Anyone who has stayed in Colombia for more than two months knows the
feeling of doom that creeps over you when That Time of the Month rolls
around again… Yes, the dreaded monthly visit to the DAS office for a
visa extension.
For a country intent on promoting tourism, they sure don’t make it easy for you to stay.
First of all there’s the waiting outside the office. Everyone stands around, clutching pointless photocopies of a million and one documents and chatting under the watchful eye of a slouch-shoulder 17 year old with an automatic rifle. For some reason, if you uncharacteristically arrive before the office opens, you’re not allowed to line up. Instead you must mill around aimlessly until a seemingly randomly appointed time, at which point there is a mad dash to be first in line.
Not that the waiting around is boring. Not at all. It makes for some fantastic people watching. Of course there’s the line up of the usual suspects. The heavily pregnant teenager with the squawking one year old. The toothless, gummy elderly gentleman. The tall, gangly gringo who looks about as at home as a giraffe in a parade of poodles. But then, to add a little kick to your curry, there are two Indian men, who look like they just walked out of a Bombay call center. You haven’t lived until you’ve heard Spanish spoken with an Indian accent.
Finally when the first round of waiting is over, you are allowed in, one at a time. Upon entry you must surrender your cell phone and all other electronic devices so that you can’t take photos of all the DAS officials sitting around doing nothing.

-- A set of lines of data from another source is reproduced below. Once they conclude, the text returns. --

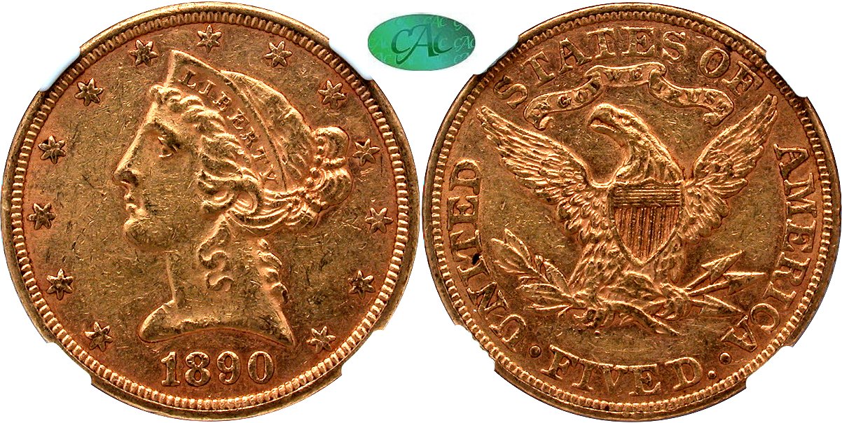 Choice $3275 New November 26! Tiny Mintage, Very Low CAC Population, Choice Original, Tenafly Collection. 2025 Black Friday Sale Offering - Given its tiny mintage of 4,240, this 1890 half eagle issue is a proverbial collector challenge in all grades. Luckily, the Tenafly Collection Liberty half eagle release includes this AU58 certified example with CAC approval. A premium specimen with moderately mirrored fields and a honey green-gold coloration with lighter shades appearing during an angled light review. The obverse fields exhibit light chatter that is typical seen at this offered grade and of no consequence to collecting pursuits of rare U.S. gold. The CAC census includes 19 in all grades with four finer. Sold into the Tenafly Collection during December 2021 with excellent illustrations for an aggressive bidding strategy. Housed in new large font NGC holder with CAC approval. PCGS #8375.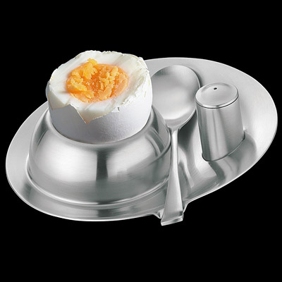 Wykonany ze stali nierdzewnej zestaw do podawania jajek na miękko. W skład wchodzi podstawka na jajko, solniczka i łyżeczka.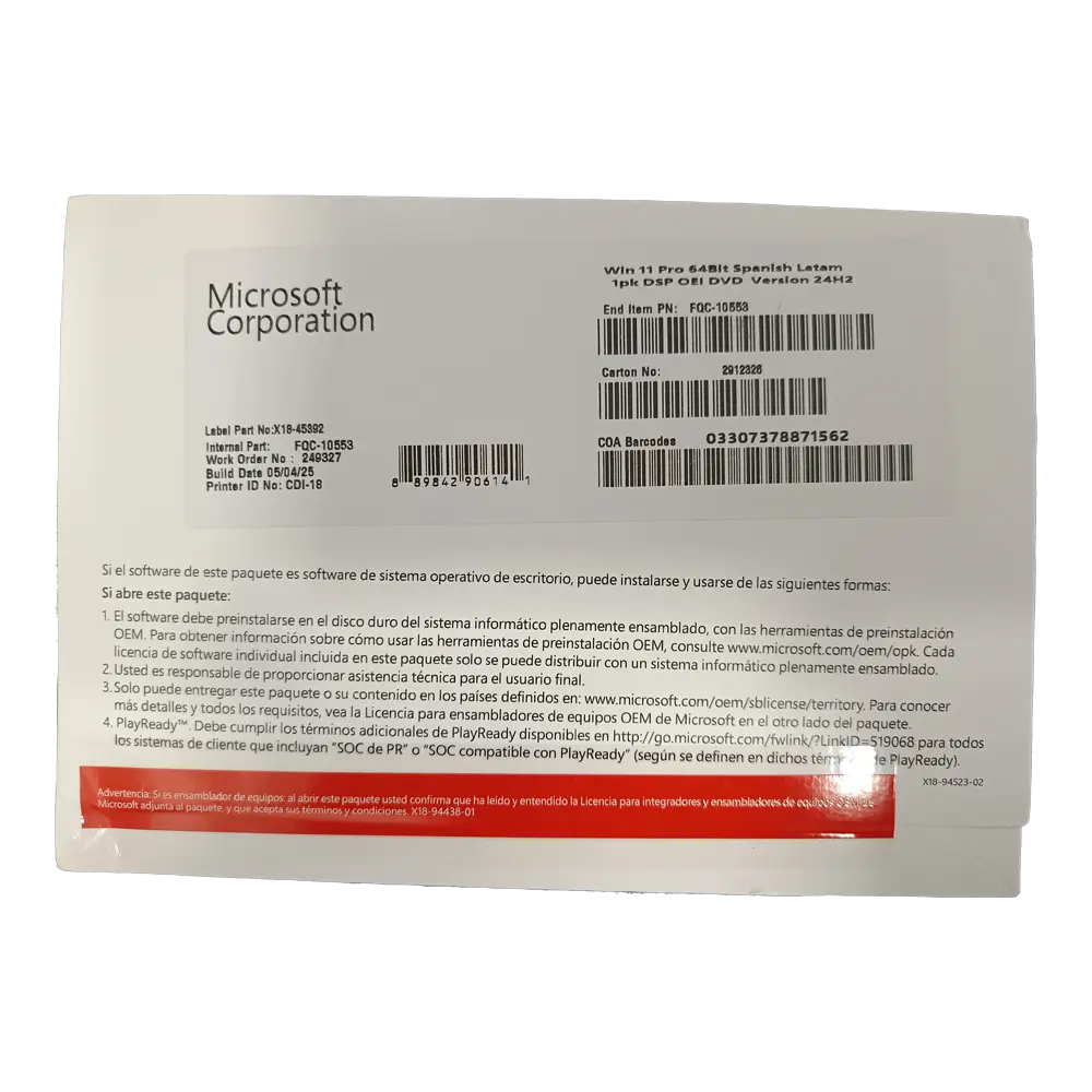 - Producto: Windows Pro 11 X64 Bits Spanish

Once inside you wait in another line until you are attended by a mustached Colombian version of pudgy Police Chief Wiggum from the Simpsons. Except that instead of donuts, he inexplicably chews on orange peel. Seriously.

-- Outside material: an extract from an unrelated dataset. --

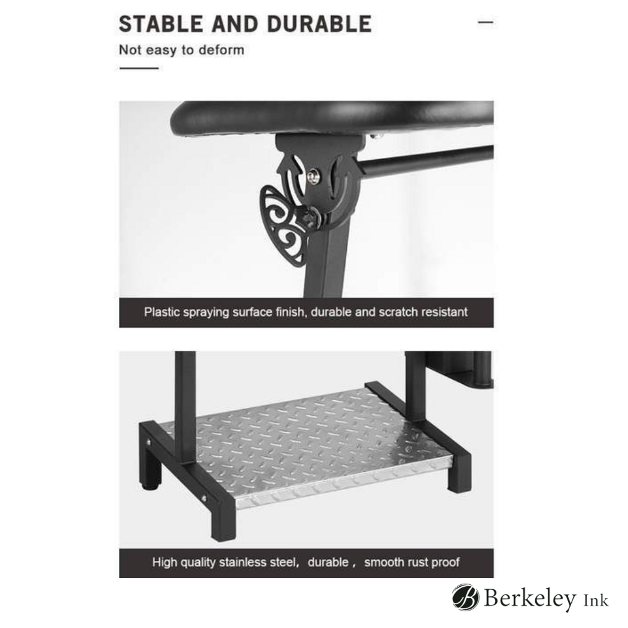 - Soporte para tatuajes. La base de hierro pesa 12 kg y proporciona estabilidad al soporte. El marco de la base es estable y antideslizante, ofreciendo un soporte completo para el reposabrazos y la pierna.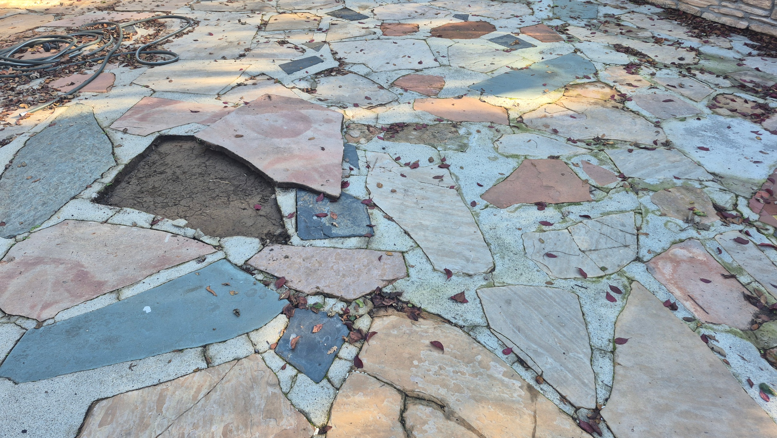 1083 sq ft of easy to pry up 1 5/8″ thick flagstone: mostly Arizona Red but other colors mixed in. The stone and mortar are laid over dirt so the stone is extremely easy to pry up. $2.25//sqft ( you detach and remove) price goes down to $2/ square foot if you buy all of it.

You will have spent hours making copies and filling out forms just so the Colombian Wiggum can flirt shamelessly with a bored but buxom Colombiana co-worker, while he haphazardly scrunches your paperwork into a drawer where it will never again see the light of day.
Without a doubt the best part of the whole experience is getting your fingerprints taken. Standing in a small stuffy room filled with the pungent smell of old orange peel, you can pretend you are a narcotraficante just captured in the jungle amid a shower of bullets.
And then, with the ink still wet on your fingers, suddenly it’s over.
Until next month anyway.
For the uninitiated the DAS is the Colombian version of the FBI. They also process visas.